On tenterhooks

by Laura Collacott

International anxiety has followed the American sub-prime crisis with fears of a domino effect around the world. Laura Collacott finds out if these fears are justified.

The world is hesitantly moving forward in its business transactions at the moment, fearful that the global economy will implode any second and plunge the international community into free fall.

Despite the maxim that ‘if the US economy sneezes’ the world gets sick, Europe’s biggest economies like Germany, France and Britain appear poised to push through any contagion.

Images of the Great Depression that followed Wall Street's 1929 crash are hastily pushed to the back of public conscience but even the strongest minds cannot help but entertain black images of international financial stagnation.

This may be an exaggeration but a very Malthusian angst is detectable amongst investors. When at the end of 2006 Nouriel Roubini, president of Roubini Global Economics, predicted a recession that he said would be "nastier, deeper and more protracted" than the 2001 recession, he was accused of being histrionic.

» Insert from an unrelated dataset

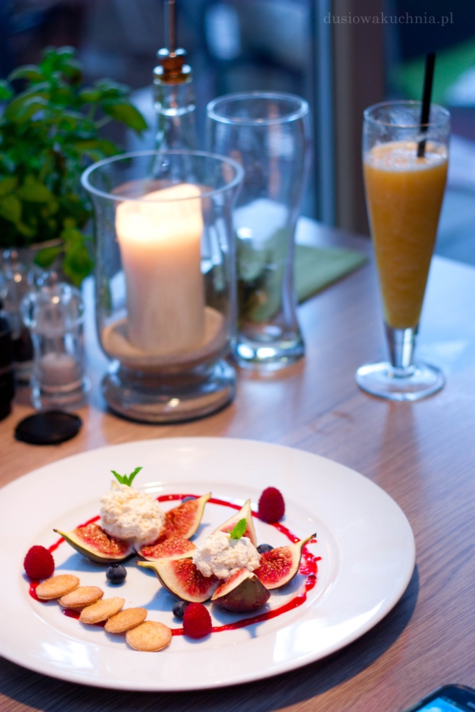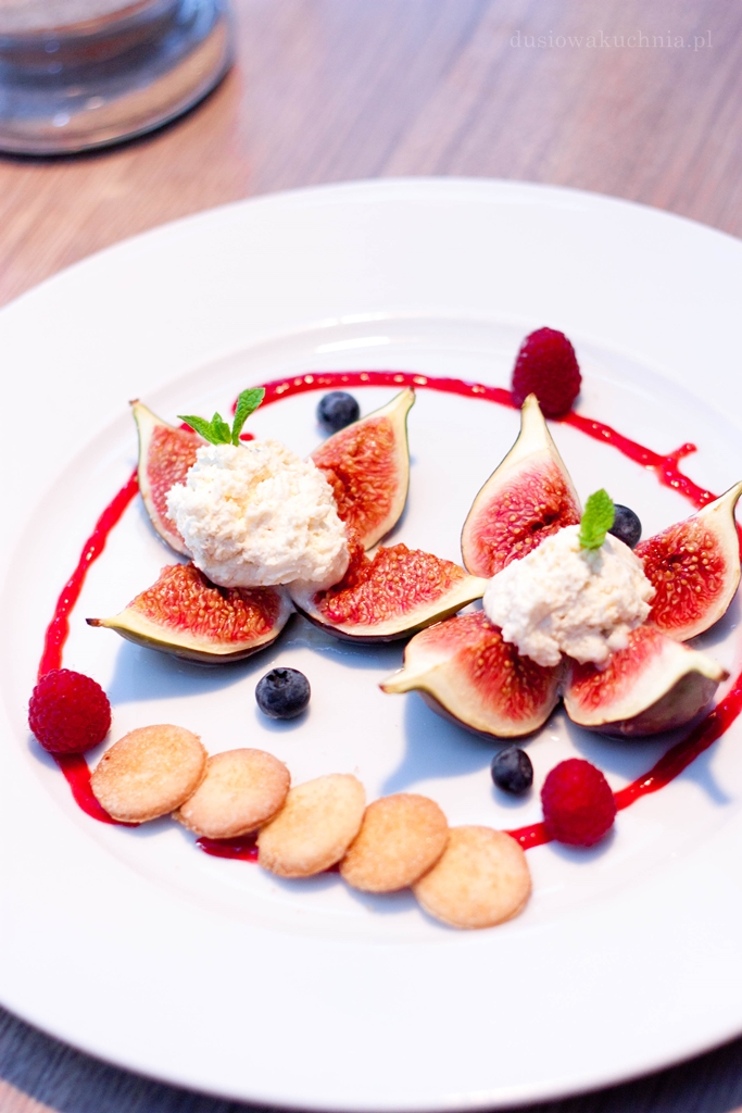 W temacie deserów pozostaję tylko ja, bo oczywiście, jako kobieta nie mogę przeboleć tego, że nie spróbowałabym czegoś słodkiego i w tym miejscu decyduję się na wybór deseru z karty dnia. W dzień naszej wizyty dostępny był figowy deser, a dokładniej figi pieczone z miodem podane z orzechowym mascarpone i kruchym ciastkiem za 12 zł (czy muszę mówić, że figi to też afrodyzjak? 🙂 ). Smak dania? rozkosz dla podniebienia, coś pysznego, po prostu rozpływało się w ustach. Forma podania również zasługuje na uznanie.

Critics heartily disagreed with him; one went as far as to call Roubini "the current archetypal Eeyore [Winnie the Pooh's eternally gloomy friend]", in reference to his economic pessimism. By his logic the growth phase that America had been enjoying was in large part supported directly and indirectly by housing.

A burgeoning housing market had fuelled the consumer market as a whole and been responsible for about 30% of the employment growth in the expansion period. A collapse in the housing market would have a domino effect on the rest of the economy.

And yet so far we have not seen a disastrous fallout from the American credit crunch. Global markets have continued to function more or less as normal. The large financial institutions have reported substantial losses and the US is generally considered to be in recession, but international business has not suddenly atrophied.

Though opinion is very much mixed, the truth about the sub-prime mortgage crisis and subsequent effects is, according many experts, far less gloomy than commonly thought.

The problems in the USA have all hinged on the credit systems available and a bubble in the housing market. Convention in America allows for consumers to move their mortgages around, refinancing to get the best available deal on interest and release some of the equity in their properties. The easy availability of credit and popular use of home-equity have fuelled a spending boom that came to an abrupt halt when the sub-prime market crashed from overexposure.

In the wake of this collapse, financial institutions have had to rally to protect themselves from losses as far as possible but the damage has been difficult to avoid, as demonstrated by the figures.

As big losses have been reported by major banks, confidence in certain investment vehicles has wavered. Risk aversion has become the order of the day, having a knock on effect on investments such as equities. Conversely, gold is seen as a much more stable asset and so has seen a surge in prices as people choose safer options.